Where did the mould on my sofa cushions come from, and how can I be sure it won't come back?

I recently started sneezing and getting itchy eyes. After some investigating, we found that the front edge of the sofa cushions contained mould *under* the covers. I'm really not sure how this could have happened - there is no mould anywhere else. The covers themselves were fine.

We've thrown away the sofa cushions and ordered new ones, but kept the covers since they cannot be replaced. The covers are at the dry cleaners since they cannot be washed ("do not wash" is written on the tag).

Will the chemicals used for dry cleaning the covers stop it coming back?
If not, I have read about borax - should I put the covers in that, or does that go against the "do not wash" rule? Will it discolour the covers or make it smell bad?
posted by anonymous to Home & Garden (3 answers total) 1 user marked this as a favorite
 
So mold = moisture. You should try to find the source of that moisture and prevent it from happening again.
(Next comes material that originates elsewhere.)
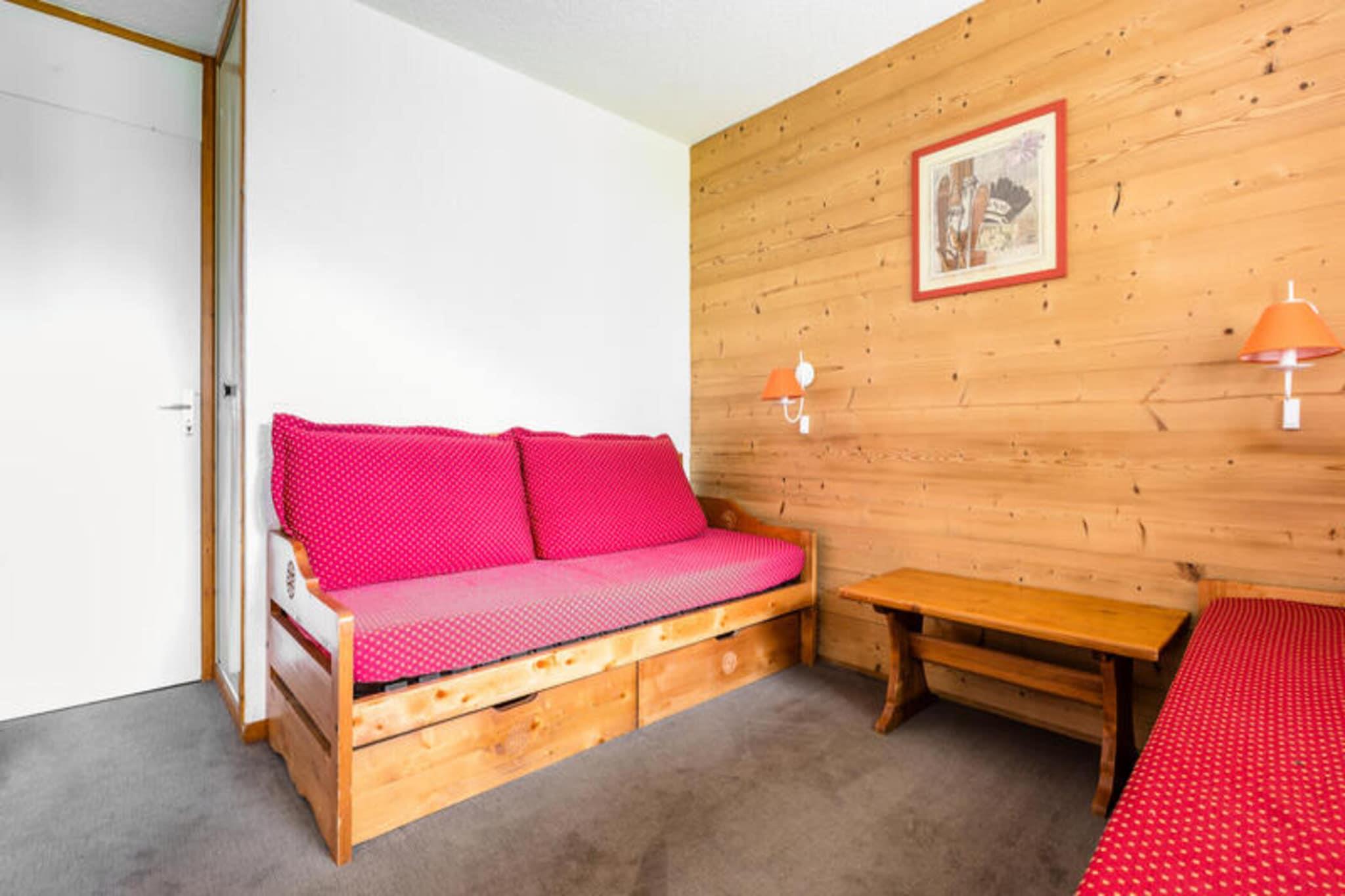 Ejendommen tilbyder sammen med dets hyggelige og funktionelle design et komfortabelt boligareal på 28m², ideelt for op til fire personer. I stuen er der tre sovesofaer, hvoraf den ene har en udtræksseng, hvilket giver fleksibilitet til overnatning. Gæsterne kan nyde en privat terrasse med en behagelig udsigt over landsbyen, som tilbyder et fredeligt tilflugtssted. Boligen er kæledyrsvenlig mod et tillægsgebyr og giver også mulighed for at leje et babysæt, afhængigt af tilgængelighed. Yderligere tjenester såsom Wi-Fi, sengetøj og håndklæder er tilgængelige mod et ekstra gebyr. Slutrengøring er obligatorisk, og daglig rengøring kan arrangeres mod et tillægsgebyr. Der er et skiskab til gæsterne samt adgang til et fjernsyn afhængigt af boligen. Ejendommen er beliggende i Crève Cœur-distriktet i Valmorel og tilbyder en uovertruffen beliggenhed til vinter- og sommeraktiviteter. Gæsterne har direkte adgang til pisterne om vinteren og vandrestier om sommeren, hvilket gør det til en ideel base for udendørsentusiaster. Resortets centrale shoppinggade ligger en kort gåtur derfra, og vigtige tjenester er inden for 5 minutter til fods. Den nærmeste skilift ligger kun 1 til 5 minutters gang fra ejendommen, mens Maeva Home-bureauet ligger mindre end 1 km derfra. Adgang til offentlig transport er også praktisk, med en nærliggende svævebane (Télébourg), der forbinder dig til centrum. Området er let tilgængeligt med bil, og den nærmeste lufthavn er omkring 1,5 time væk. Ejendommen har et funktionelt køkkenområde, som er adskilt fra stuen, og giver gæsterne mulighed for at tilberede deres egne måltider. Et spisebord med plads til fire er inkluderet, hvilket sikrer en behagelig madoplevelse. Badeværelset har bruser, og der er også et separat toilet. Boligen er velholdt og lys, hvilket giver en afslappende atmosfære for gæsterne. For dem med køretøjer er parkering tilgængelig mod et ekstra gebyr, og gratis parkering tilbydes i sommermånederne. Boligen er en del af Maeva Home Selection, hvilket sikrer en høj standard for komfort og kvalitet for et mindeværdigt ophold.

I could see a drink getting spilled on the couch and it never fully drying. Then mold found a cozy dark warm space between the cover and the cushion and voilĂ . If that happens again, Lysol spray is pretty good at killing mold in upholstery. As is lots of sunlight, an occasional steam cleaning, good air circulation, etc.

What are the covers made of? If they're are poly/plastic that might be another reason moisture stuck around long enough for mold to set in.
posted by fontophilic at 9:15 AM on November 8, 2010


I'm really not sure how this could have happened - there is no mould anywhere else. The covers themselves were fine.

Something spilt on the sofa? Theoretically if it got wet enough and the covers are not "breathable" enough, the inside could have stayed damp while the outside seemed dry.
posted by EndsOfInvention at 9:15 AM on November 8, 2010


If you live in a damp climate, sometimes that's enough. I recently moved my couch, only to find that black mildew had grown on the wall behind it. The couch wasn't directly against the wall, but close enough that a stagnant air pocket formed and trapped enough dampness to foster mildew.